◆ Data segment
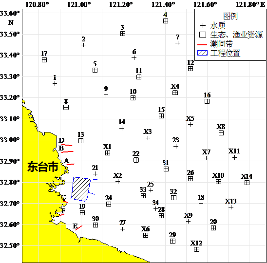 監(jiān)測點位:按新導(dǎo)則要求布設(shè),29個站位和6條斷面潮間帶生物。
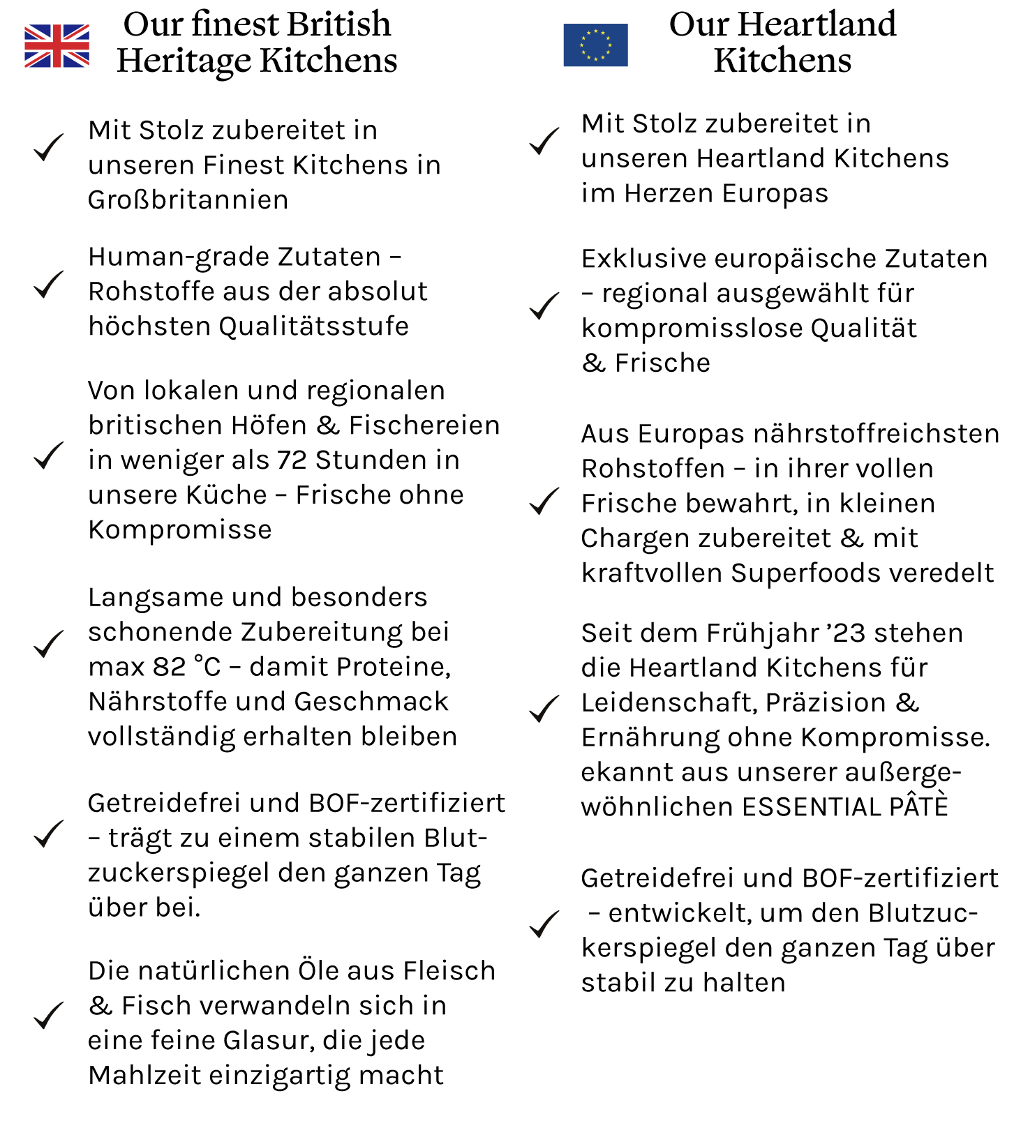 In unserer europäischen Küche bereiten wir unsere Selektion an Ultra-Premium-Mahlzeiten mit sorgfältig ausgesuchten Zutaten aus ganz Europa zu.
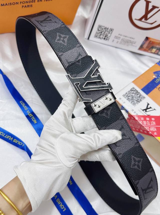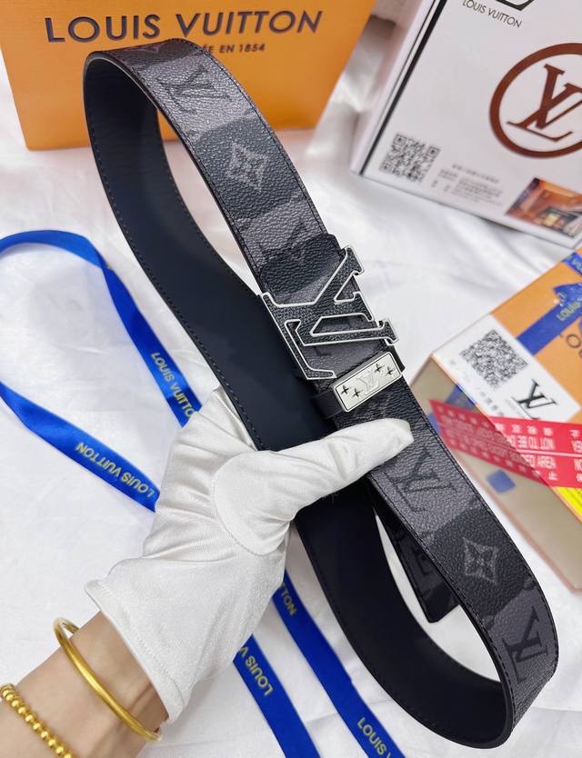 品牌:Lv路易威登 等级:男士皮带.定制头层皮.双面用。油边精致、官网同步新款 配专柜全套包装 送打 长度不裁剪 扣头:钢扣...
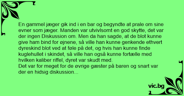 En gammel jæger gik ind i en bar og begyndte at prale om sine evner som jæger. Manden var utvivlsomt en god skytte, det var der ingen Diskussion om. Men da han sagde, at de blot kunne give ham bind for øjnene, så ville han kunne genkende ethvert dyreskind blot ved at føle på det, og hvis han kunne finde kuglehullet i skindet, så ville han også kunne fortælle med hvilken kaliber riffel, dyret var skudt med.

◆ Task
Write out the lines of the material above exactly, from its first line through the line that contains "品牌:Lv路易威登 等级:男士皮带.定制头层皮.双面用。油边精致、官网同步新款 配专柜全套包装", so that no picture appears in the copy.

◆ Result
 監(jiān)測點位:按新導(dǎo)則要求布設(shè),29個站位和6條斷面潮間帶生物。
 In unserer europäischen Küche bereiten wir unsere Selektion an Ultra-Premium-Mahlzeiten mit sorgfältig ausgesuchten Zutaten aus ganz Europa zu.
 品牌:Lv路易威登 等级:男士皮带.定制头层皮.双面用。油边精致、官网同步新款 配专柜全套包装 送打 长度不裁剪 扣头:钢扣...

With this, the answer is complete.